Fe3O4-CeO2 metal oxide nanocomposite as a Fenton-like heterogeneous catalyst for degradation of catechol

Abstract

Magnetically separable Fe3O4-CeO2 metal oxide nanocomposite materials were prepared by co-precipitation method keeping the view of developing an efficient Fenton-like heterogeneous catalyst for the degradation of organic pollutants at simple reaction conditions. The prepared materials were characterized by X-ray diffraction (XRD), Fourier transform infrared (FT-IR) spectroscopy, Thermogravimetric analysis (TGA), BET analysis, Field emission scanning electron microscope (FESEM), Transmission electron microscope (TEM) and Vibrating sample magnetometer (VSM).
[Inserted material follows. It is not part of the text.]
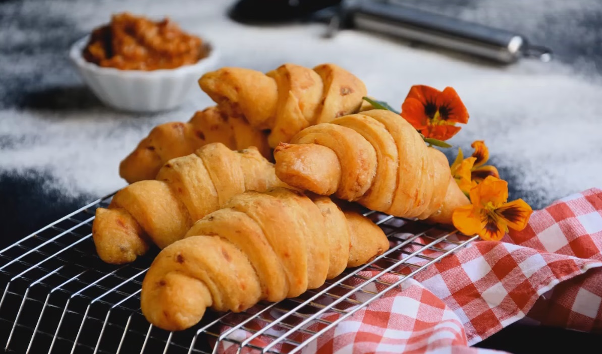 Nadošlo tjesto razvucite na pobrašnjenoj radnoj površini. Isecite na 16 djelova i uvijte u kiflice kao što je prikazano u videu.

These materials were used as heterogeneous catalyst for the degradation of catechol from aqueous solutions in the presence of hydrogen peroxide (H2O2) at room temperature to evaluate the catalytic activities. The degradation of catechol was monitored by UV–Vis spectrophotometer and the formation of degraded products like 2-hydroxy-1,4-benzoquinone, acetic acid, β-ketoadepic acid, Glyoxilic acid and Glutaconic acid were identified with the help of Liquid chromatography mass spectrometry (LC–MS) studies. The catalytic activities were evaluated in terms of reaction parameters like pH, amount of catalyst and H2O2 concentration. Activity results revealed that the prepared Fe3O4-CeO2 (15wt%) catalyst shows the maximum activity for degradation of catechol as compared to the other prepared catalysts. After the degradation reaction the Fe3O4-CeO2 catalyst was recovered from the reaction mixture by using an external magnet and successively used for five consecutive cycles with excellent catalytic activity which is comparable to the fresh catalyst. The efficiency in degradation and easy separation of the catalyst exhibits that Fe3O4-CeO2 (15%) catalyst is promising for the removal of catechol from aqueous solutions from green chemistry perspectives.